Two broad strategies characterize this ecumenism, although of course their particular implementation depends on the details of the theory he's engaging with. Both start off by acknowledging the legitimacy of forms of "class analysis" and social phenomena more generally that are pursued by non-Marxists, and which seem to take categories other than the bourgeoisie and proletariat (or whatever) as their object: subjectively recognized status groups, professions, und so weter. The first is that the Marxist account of antagonistic class relations rooted in property ownership and the production process represent the background condition for the more immediate relations that the other sociologists want to pursue. So, for instance, Weber and his epigones want to anchor class in exchange relations, but these exchange relations obviously depend on productive and ownership relations. The second, rather critical realist, strategy is to show the necessity of latent causal nexuses to any sociological theory with greater explanatory strategy than "shit happens." This has as its target those theories whose notion of "realism" is that sociological objects that are not a mere creation of the analyst but have some emic reality. Not so, we need to explain why some particular subjectively felt groups are more likely to arise than others, and objective class relations allows us to do this.

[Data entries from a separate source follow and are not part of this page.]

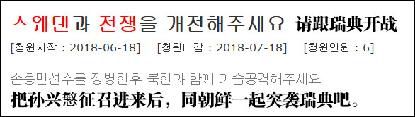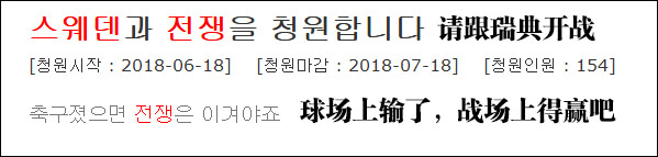 《朝鲜日报》19日报道称,现在针对瑞典和时任主裁的声讨请愿数量已经破了千,本来韩国球迷还想针对下这位裁判的社交媒体账号,奈何韩国人找半天都没有找到,只好来青瓦台的请愿版发泄。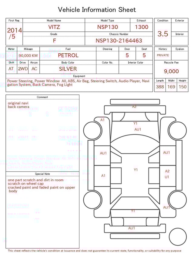 TOYOTA VITZ 2014/5 F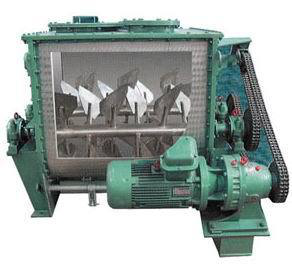 本系列混合機以強烈、高效混合為特點、臥式筒體內兩根攪拌等速反向旋轉,軸上特殊布置的槳葉確保物料徑向、環向、軸向三向運動,形成復合循環,在極短的時間內達到均勻混合
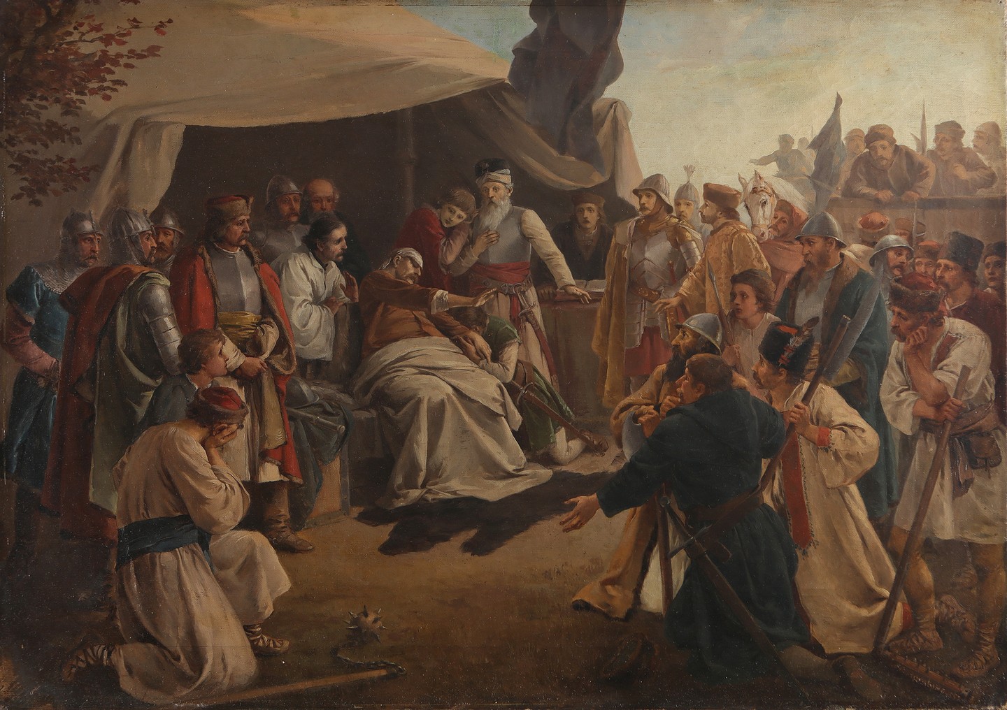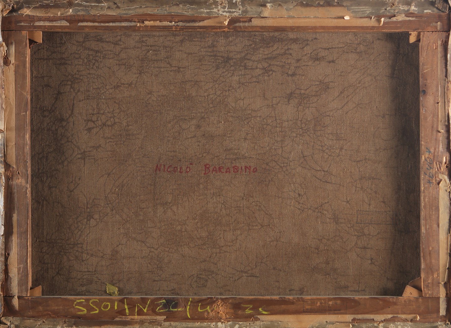 BARABINO NICCOLO' (1832 - 1891) Scena militare. 1852. Olio su tela . Cm 64,00 x 46,00. Firma e anno in basso a destra. Al retro riporta scritta in rosso Niccolò Barabino. Cornice presente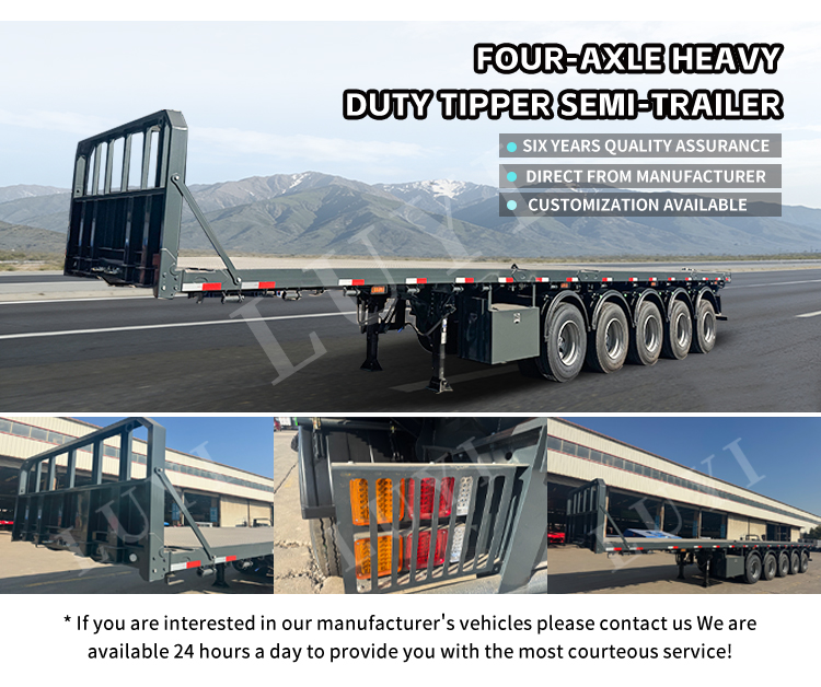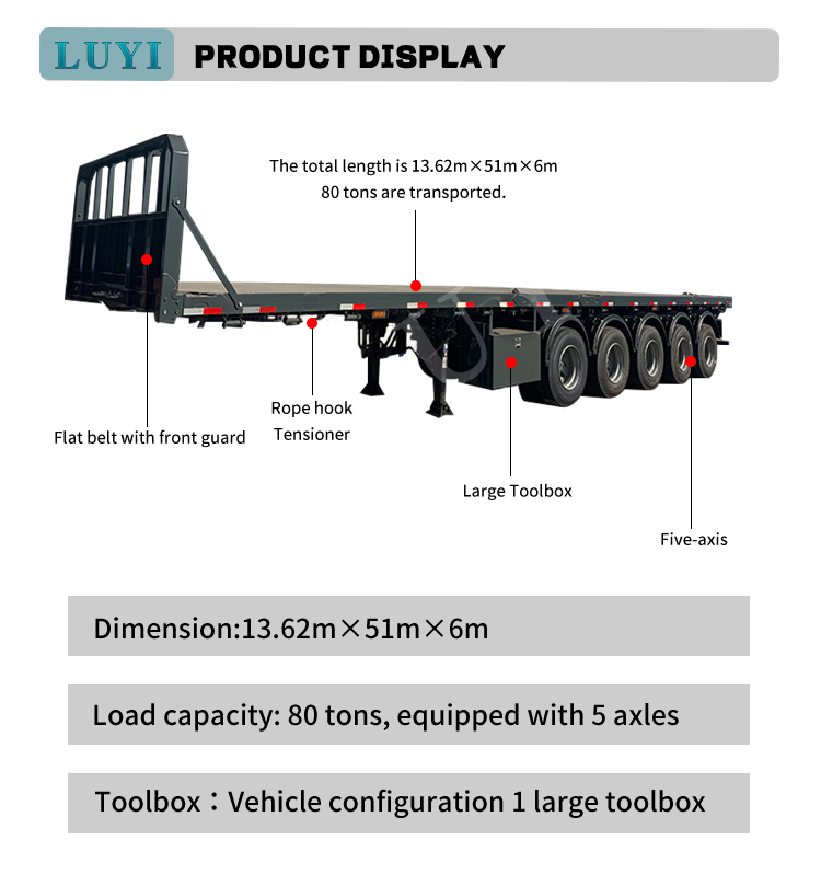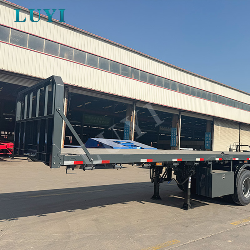 Originaire du Shandong, en Chine, une base de fabrication haut de gamme, la semi-remorque plateau légère à 5 essieux LUYI est conçue sur mesure pour le transport de matériaux de construction, servant de partenaire fiable dans le secteur de la logistique d'ingénierie......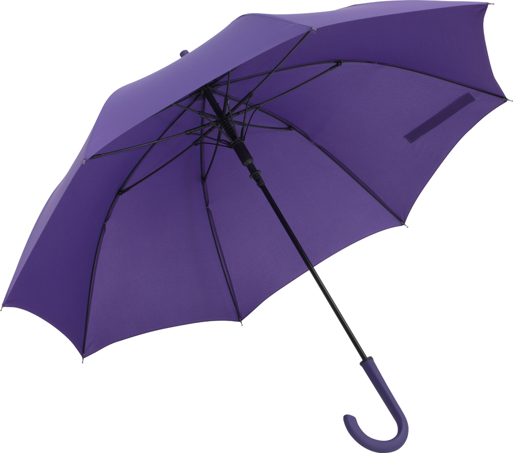Automatik-Stockschirm LAMBARDA: Metallstock, Fiberglasspeichen, Metalltips, gummierter Rundhakengriff mit integrierter Auslösetaste, Polyester-Pongee-Bespannung mit stark wasserabweisender Spezialbeschichtung, Schließband mit Klettverschluss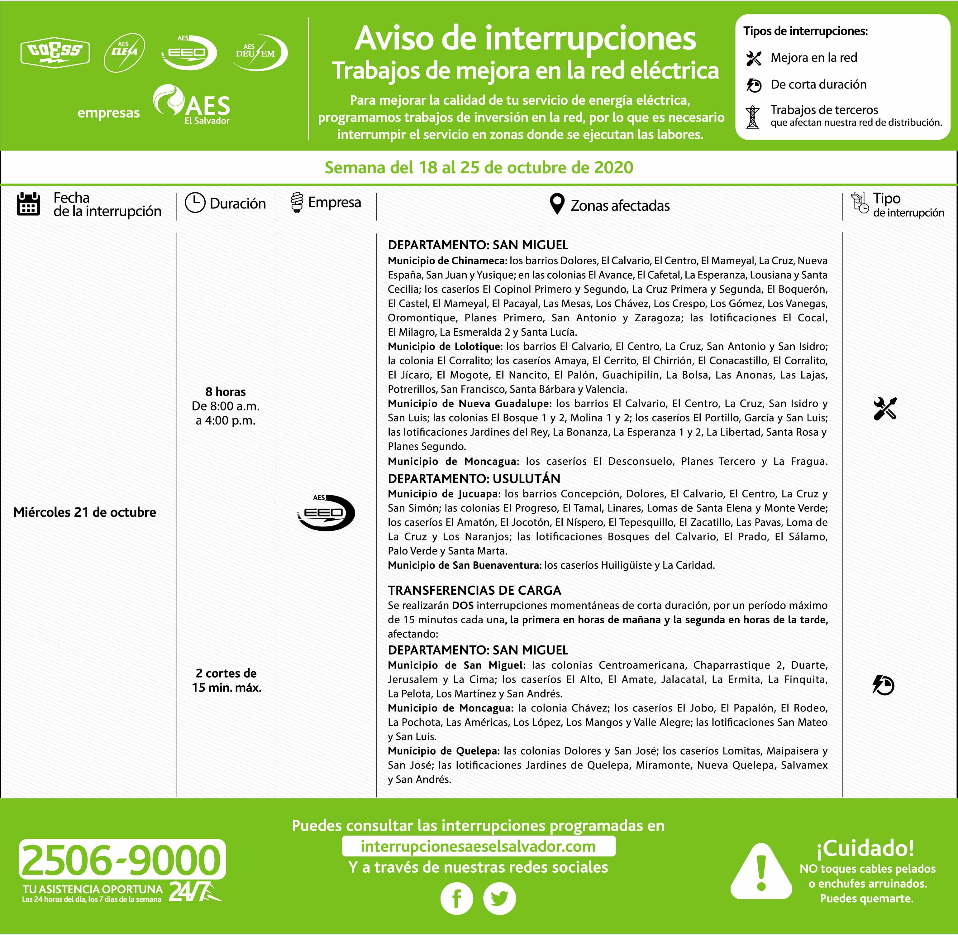 Motivo: Mejoras en la red de distribución.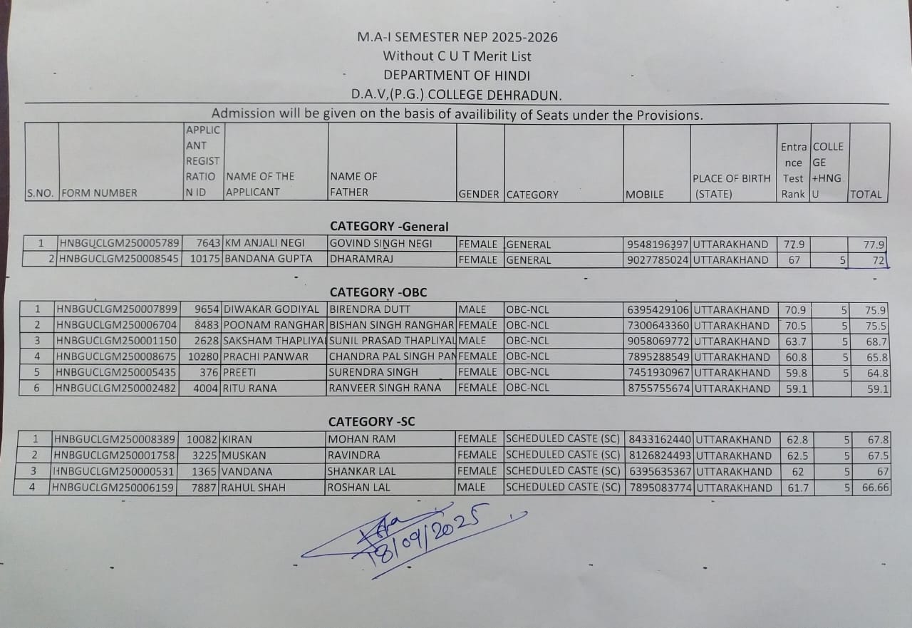 Welcome to the College Website. I appreciate your interest in our College and look forward to assisting you. D.A.V. (P.G.) College is a premier Institute of Northern India which is affiliated to Hemwati Nandan Bahuguna Garhwal (Central) University, Srinagar (Uttarakhand). Throughout its storied history of more than hundred years- D.A.V. (P.G.) College Dehradun has had a glorious past, promising present and road map for bright future.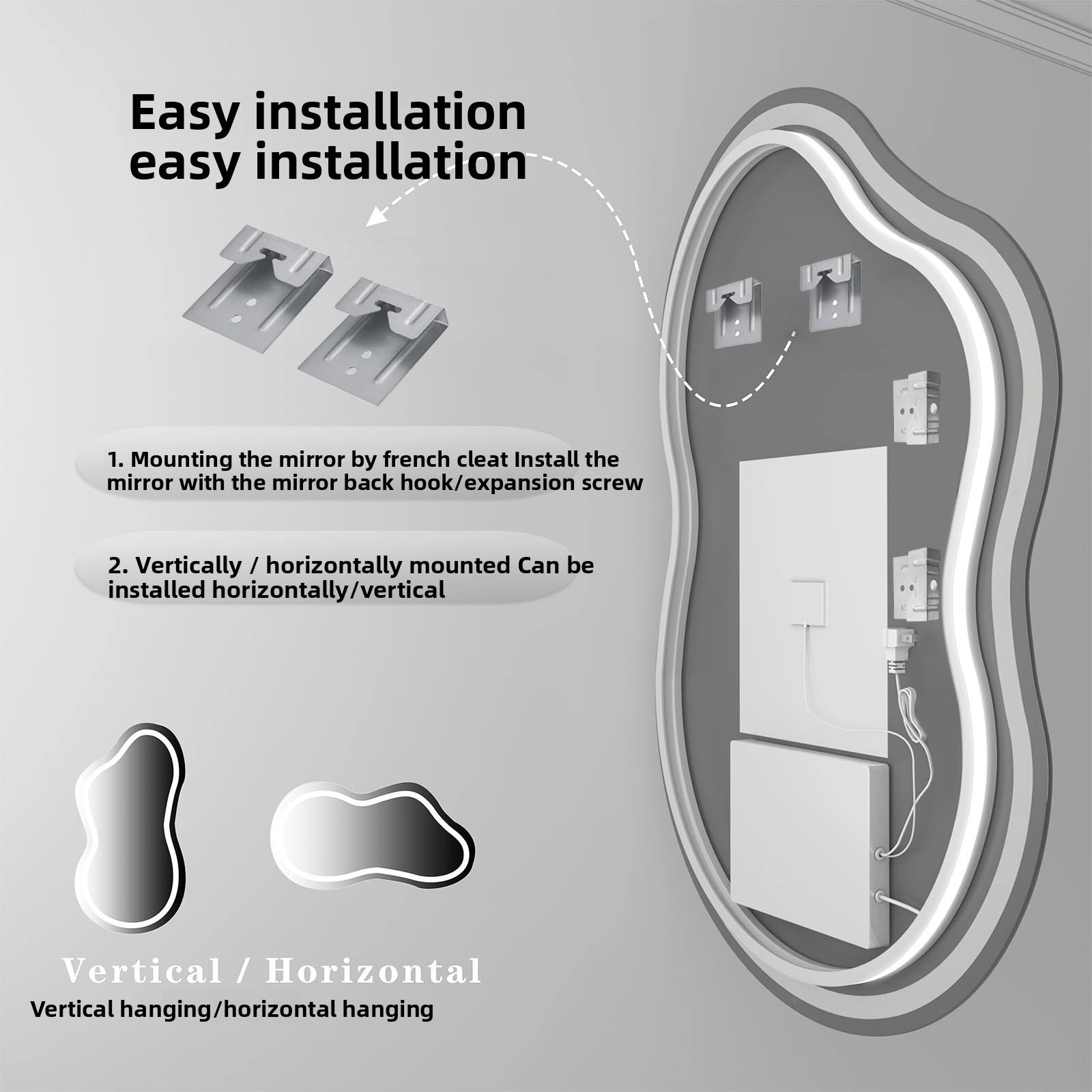 Bring contemporary elegance into your space with this Nordic modern full-length LED bathroom mirror, designed in a unique irregular lake shape. Perfect for bathrooms, bedrooms, dressing areas, or vanity corners, this illuminated mirror combines functionality with artistic style, making it an eye-catching addition to any modern interior.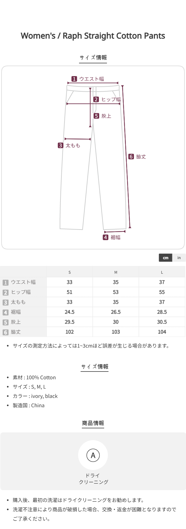 HEIGHT 170cm / BUST 81cm / WAIST 62cm / HIP 90cm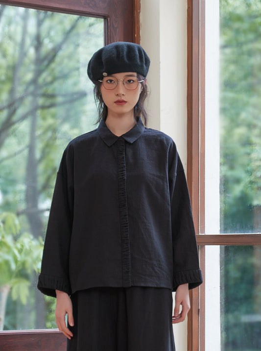 KNSC346-BLACK ギャザーカフス&プラケットリネン綿シャツセットアップ商品
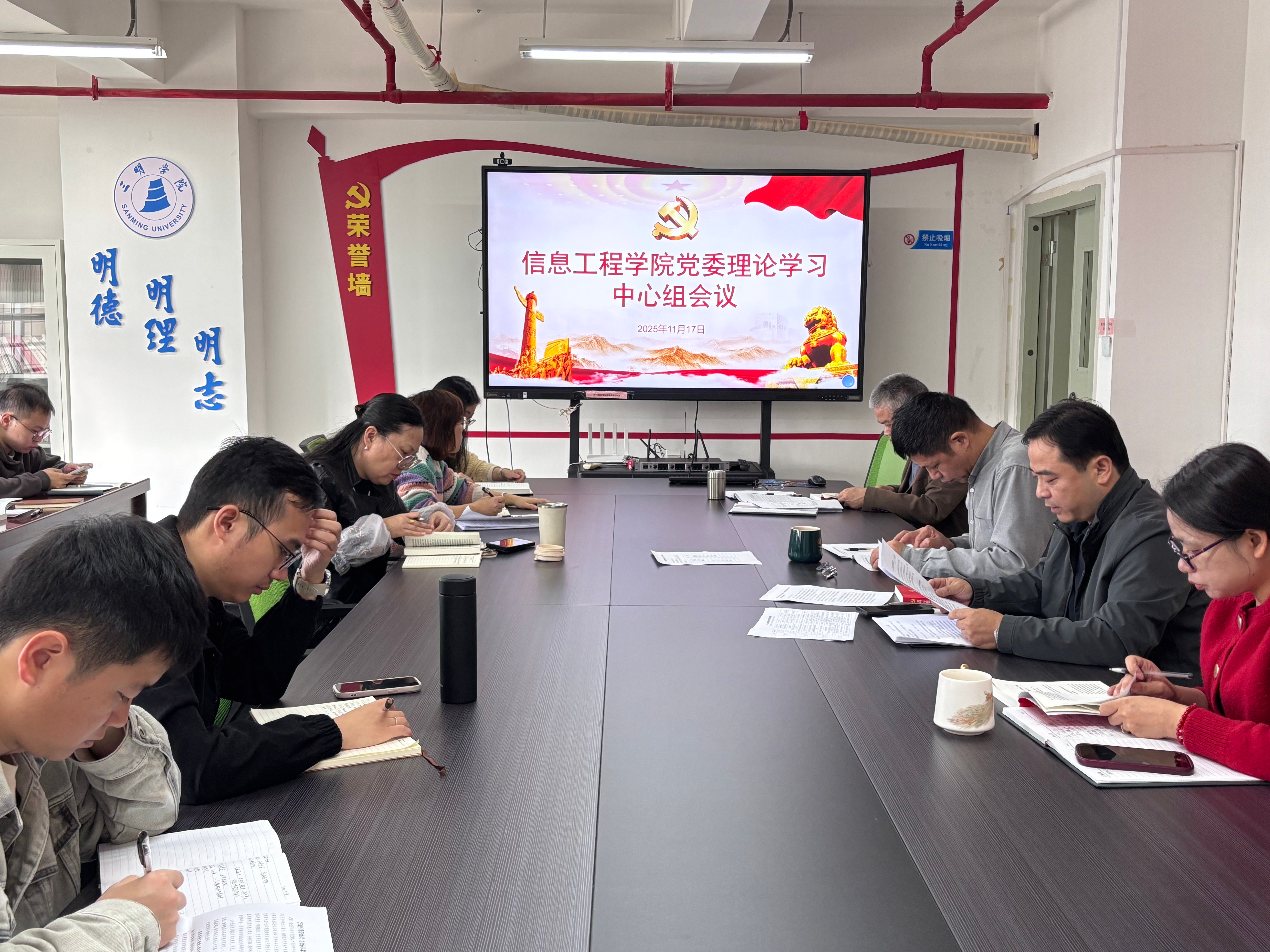 11月17日,信息工程学院党委召开理论学习中心组学习会,对《党的二十届四中全会<建议>学习辅导百问》进行学习。院党政领导班子成员、党支部书记、科级干部、系主任、组织员、辅导员等参加学习,院党委书记李金波主持学习会。

Like Caesar, Wright's anabasis also produces some excellent descriptions of the conquered. I'm not familiar with everyone he details, but let it be said that I've read Max Weber and Charles Tilly quite extensively, that both are very lucid writers, and that I still feel that I learned a great deal about their theories from Wright's gloss. Like any conquerer's gaze, it may distort, but if so it's a useful distortion of two sociologists I already admire and have learned a lot from.
The second, more speculative, part is fascinating but weaker, both analytically and (if it's not inappropriate to raise this objection) politically. If I were tempted to extend the metaphor, I could say that this is the fruit of offering too many concessions to local elites (meaning, interlarding his Marxism with too many sundry additional theories,) but I don't actually think that this is the case - except in the sense that there's a methodological weakness that's shared with much glib neoclassical economics. That methodological weakness is that he constructs an admirably clear theoretical model, on empirical foundations that seem to me to be very thin (one or two studies that have an alternative explanation), and then uses it to draw conclusions on the possibilities of "positive class compromise," i.e. conditions that would benefit both workers and capitalists when socialism is impossible. As arguments for Bernsteinian revisionism go, these are extremely weak. However, understood not as conclusions but speculations, they are inherently interesting, and those wishing to give greater substantiation (or falsification) to them may produce something quite useful. Bong-rip ideas have an important place in social science, not everything should be judged as if it's a finished product.
I probably ought have read Wright's earlier books on class first, in which he lays out his theories explicitly rather than in contrast with others - indeed I leave with the desire to get around to them soon - but didn't feel as though I failed to understand anything on that account, and the book was stimulating throughout. Recommended to anyone who's interested in the broad subject and isn't too intimidated by a bit of disciplinary inside baseball.